Literasi Lamongan dan Generasi Milenial Kita
Aguk Irawan Mn, seorang novelis kelahiran Lamongan pernah mengutip kebijaksanaan Thomas Bartholin “Literasi tak cuma menafsirkan kenyataan, tapi juga mengubahnya.” Kemudian ia melanjutkan “4 abad yang lampau. Tanpa literasi, Tuhan diam, keadilan terbenam, sains macet, sastra bisu, dan seluruhnya dirundung kegelapan. Karena dengan literasi, kepribadian seseorang, juga sosial bisa terbentuk, dan lantaran literasi pula, peradaban suatu bangsa akan tercipta. Kata-kata itu pula yang sering ia sampaikan saat berhadapan dengan santri-santrinya dalam suatu majlis Ilmu di pesantren yang ia dirikan.

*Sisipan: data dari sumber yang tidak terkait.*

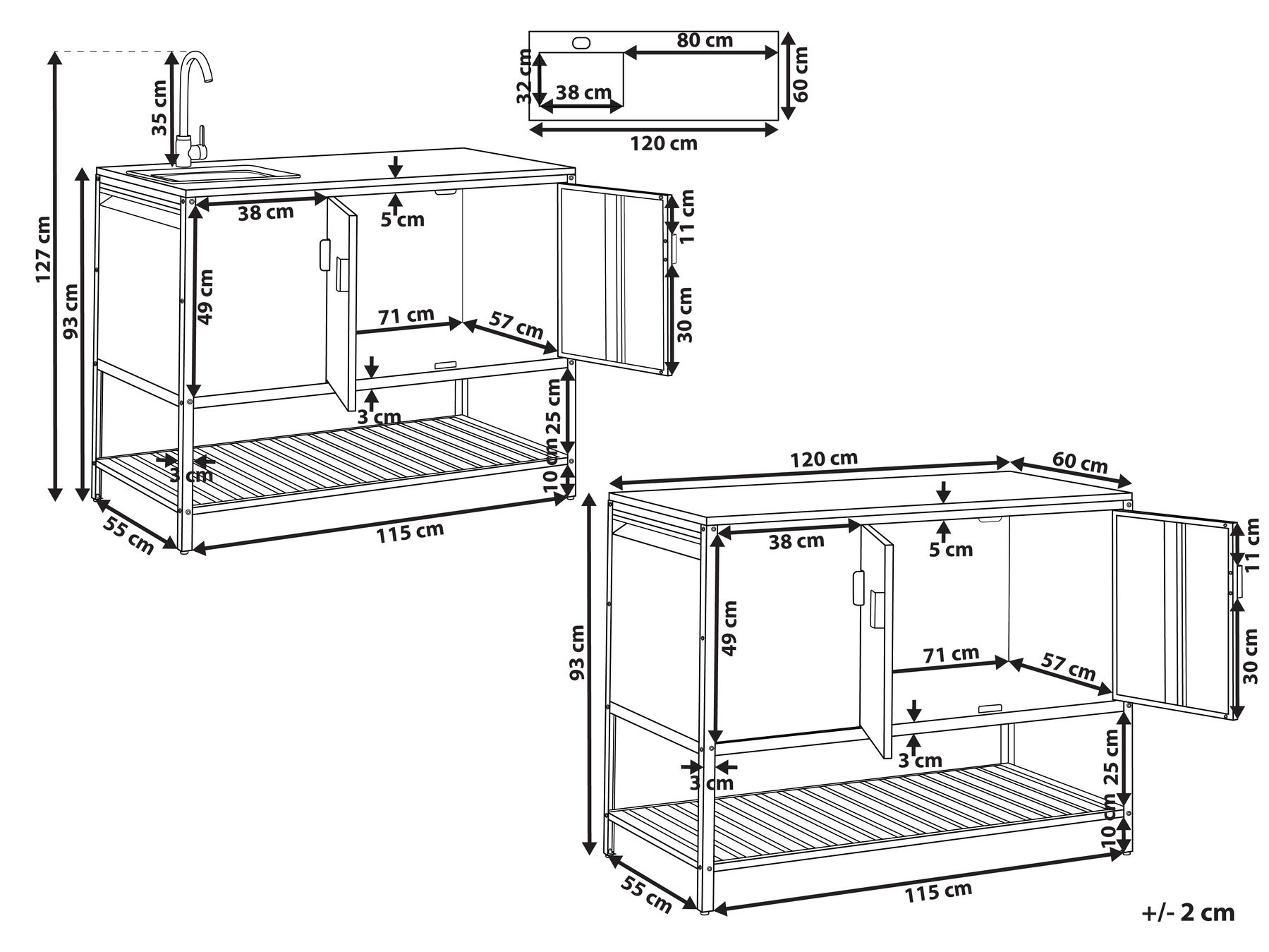 Ця садова кухня з мийкою ідеально підходить для приготування їжі на відкритому повітрі та поєднує в собі елегантний зовнішній вигляд та довговічність. Верхня частина з нержавіючої сталі та порошкове покриття сталі гарантують стійкість до погодних умов. Відкрита полиця забезпечує легкий доступ до кухонного приладдя та інгредієнтів, а практичний простір для зберігання допомагає тримати все необхідне організованим та під рукою.
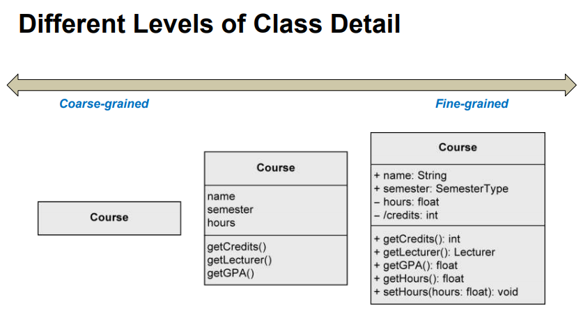 - 너무 많은 getter와 setter가 생길 수 있으므로, 종종 클래스 다이어그램에서는 필터링하여 표시함.
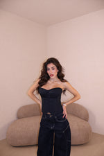 Prezzo unitario / perCorsetto gessato con cerniera laterale e laccetti regolabili sul retro. La modella indossa taglia S.

Baitul Kilmah, itulah nama pesantren yang ia dirikan. Jauh sebelum pesantren itu berdiri dan menjadi markas besar para penyair dan sastrawan Yogyakarta yang belajar kepadanya. Juga sesekali terkadang banyak tamu berdatangan dari berbagai daerah, tak luput tamu itu berasal dari daerah Lamongan. Diantara tamu-tamu yang datang itu ada juga dosen-dosen Unisda maupun Unisla yang bersilaturrahim ke Baitul Kilmah untuk bertukar pengalaman dalam dunia literasi.
Pada Mulanya Pesantren yang didirikan Aguk Irawan itu hanyalah sebuah komunitas kecil, segerombolan mahasiswa IAIN Sunan Kalijaga yang serius dan komitmen belajar menerjemah naskah-naskah Arab ke bahasa Indonesia. Lambat laun komunitas kecil yang dikomandani oleh Aguk Irawan itu semakin besar lantaran banyak karya-karya Novelnya yang best seller bahkan diadopsi ke layar lebar.
Lihatlah, Film Haji Backpaker, Air Mata Surga, dan Film sang Kiai. Semua film itu diadopsi dari novel best seller pemuda kelahiran Lamongan. Mungkin, banyaknya tamu yang berdatangan ke rumah Aguk, termasuk dosen-dosen Lamongan itu musababnya adalah karena ingin mencari sesutau yang baru; entah itu proses kreatif pembuatan novel atau sekedar proses kreatif penyusunan diksi yang baik, tentu lebih jauh dari itu adalah untuk mengetahui rahasia besar apa sehingga PH Film melirik novelnya untuk disuguhkan kepada masyarakat dalam bentuk audio-visual.
Aguk Irawan MN Sendiri, bagi saya adalah sebuah laboratoruim besar yang mengandung banyak pembelajaran. Salah satu diantaranya adalah kesabaran dalam menjalankan roda kehidupan santri di Baitul Kilmah. Tanpa itu, saya rasa mustahil Baitul Kilmah bisa berdiri sampai hari ini.
Suatu ketika, datanglah tamu dari Lamongan, beberapa dosen kelahiran Lamongan yang domisili di Yogyakarta pun turut datang, termasuk Pak Hery Lamong, seorang penyair senior yang aktif dalam Dewan Kesenian Lamongan.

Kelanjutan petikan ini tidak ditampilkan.